Salah satu penyebabnya, menurut dia, Indonesia belum memiliki satu jenis makanan yang paling identik di mata wisatawan mancanegara. Dia menyebutkan, Thailand dikenal dengan tom yam, Malaysia dengan nasi lemak, Jepang dengan sushi, dan Korea Selatan dengan kimchi. "Indonesia apa? Terlalu banyak, makanya memunculkan perdebatan panjang," kata dia di kantornya, Selasa (18/9).
(Baca juga: Kemenpar Gelar Festival Belanja dan Kuliner di 150 Mal)
Alhasil, Presiden Joko Widodo meminta ia bersama Kepala Staf Kepresidenan, Menteri Perdagangan, Menteri Luar Negeri, dan Badan Ekonomi Kreatif merumuskan jenis panganan yang bisa menjadi kuliner Nasional.

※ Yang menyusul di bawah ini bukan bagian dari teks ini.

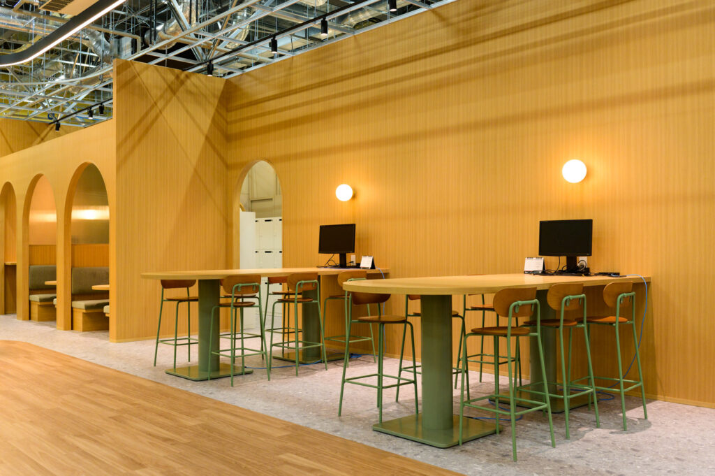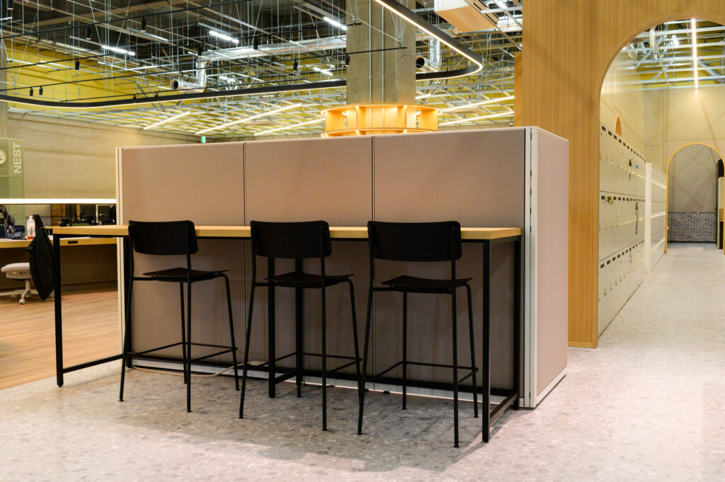 紺野:スタンディングの席もありますので、立ったままの打ち合わせも可能です。ちなみに、この席では作業も可能なので、腰痛などで椅子に座るのがキツい時に利用している従業員もいますね。

Dari kajian itu, pemerintah memilih soto. "Pemilihan soto karena dianggap paling mewakili Indonesia," kata dia. Kendati begitu, Arief tetap mengembangkan empat makanan nasional, selain soto. Di antaranya rendang, sate, nasi goreng, dan gado-gado.
Penyebab kedua adalah, tidak adanya tujuan wisata kuliner yang spesifik bagi wisatawan mancanegara di Indonesia. Oleh karenanya, ia meminta Ketua Akademi Gastronomi Indonesia Vita Datau Messakh mengkaji wilayah yang potensial dijadikan sebagai tujuan wisata kuliner. Akhirnya terpilihlah Bali, Bandung, dan Yogyakarta.
Pengembangan Bali sebagai tujuan wisata kuliner ditarget selesai tahun ini. "Nantinya hasil dari Bali ini akan diterapkan di Bandung dan Yogyakarta," kata dia.
Terakhir, alasan kuliner Indonesia belum dikenal turis asing adalah karena kurangnya restoran khas Nusantara di luar negeri. Padahal, Tiongkok, Jepang, dan Thailand gencar membangun restoran di negara lain. Alhasil, makanan dari ketiga negara ini dikenal masyarakat dunia.